Overall, we are able to generalize better across multiple scanner domains with strong data augmentation. The magnitude at which such simple transformations improve generalization at no cost of inference speed is higher than expected. Even models trained with only one scanner reach similar results on our test split, showing only a small performance drop. In the following, we will lay out unsuccessful attempts to improve the quality further. One major issue was the model selection based on the validation loss. The models were not capable of overfitting the data, assumingly due to the sampling and the strong data augmentation, models ended up in an equilibrium mode where performance improvements were wiggling between the different scanners back and forth. Because of that, the representation shift metric proposed by Staake et al. [11] was tested. It was applied to the three convolutional layers, which flow into the feature pyramid, but was found to not help the model selection process. Another strategy was a dual stage attempt with a verification net proposed by Li et al. [12]. The network was trained on the predicted patches of the first stage using the same augmentation and in addition a Gradient Reversal Layer [13] to remove even the last bits of scanner dependent information. Unfortunately this resulted in a performance drop of 12.1% on the preliminary dataset. Finally, the choice of using an EfficientNet originated from the attempt to incorporate the unlabeled data using a self-supervised Student Teacher learning procedure based on the STAC framework [14]

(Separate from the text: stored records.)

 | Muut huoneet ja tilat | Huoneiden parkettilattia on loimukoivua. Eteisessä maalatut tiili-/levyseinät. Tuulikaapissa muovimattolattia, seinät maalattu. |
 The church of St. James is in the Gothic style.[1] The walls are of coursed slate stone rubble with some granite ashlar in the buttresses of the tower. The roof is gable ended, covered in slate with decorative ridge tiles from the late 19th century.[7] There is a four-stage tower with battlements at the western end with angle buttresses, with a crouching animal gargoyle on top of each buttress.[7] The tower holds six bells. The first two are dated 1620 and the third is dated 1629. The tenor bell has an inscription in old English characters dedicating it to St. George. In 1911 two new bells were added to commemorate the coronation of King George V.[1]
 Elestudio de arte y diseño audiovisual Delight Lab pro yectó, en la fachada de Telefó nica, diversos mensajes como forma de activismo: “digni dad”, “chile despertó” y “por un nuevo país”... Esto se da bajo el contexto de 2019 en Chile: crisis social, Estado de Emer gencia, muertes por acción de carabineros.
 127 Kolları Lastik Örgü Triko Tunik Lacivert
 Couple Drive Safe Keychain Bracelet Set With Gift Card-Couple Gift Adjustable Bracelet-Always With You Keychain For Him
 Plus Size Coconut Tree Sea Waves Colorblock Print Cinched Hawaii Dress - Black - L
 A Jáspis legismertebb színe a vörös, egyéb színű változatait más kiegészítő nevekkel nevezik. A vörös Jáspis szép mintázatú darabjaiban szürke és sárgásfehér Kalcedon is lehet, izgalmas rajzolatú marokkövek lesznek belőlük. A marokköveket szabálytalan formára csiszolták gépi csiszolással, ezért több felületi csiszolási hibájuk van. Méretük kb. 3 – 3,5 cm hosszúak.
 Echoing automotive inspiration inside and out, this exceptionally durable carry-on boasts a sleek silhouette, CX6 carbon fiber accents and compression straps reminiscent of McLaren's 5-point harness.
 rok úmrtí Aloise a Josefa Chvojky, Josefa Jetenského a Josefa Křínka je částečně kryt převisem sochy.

. While increasing the performance on our test split, this resulted in a small performance drop of 1% on the preliminary dataset. One problem was that producing pseudo labels with a high confidence threshold resulted in very few labeled samples while self-training reportedly needs a huge amount of pseudo labeled data to make use of it. A second problem arises with false positive pseudo labels. We used a labeled scanner to check the number of wrong labels incorporated in the pseudo labels and found that for mitotic figures pseudo labels were mainly correct while hard negatives actually included a lot mitotic figures. This probably led to more confusion than having a positive effect.



This work was supported by the Bavarian Ministry of Economic Affairs, Regional Develop- ment and Energy through the Center for Analytics – Data – Applications (ADA-Center) within ”BAYERN DIGITAL II” and by the BMBF (16FMD01K, 16FMD02 and 16FMD03).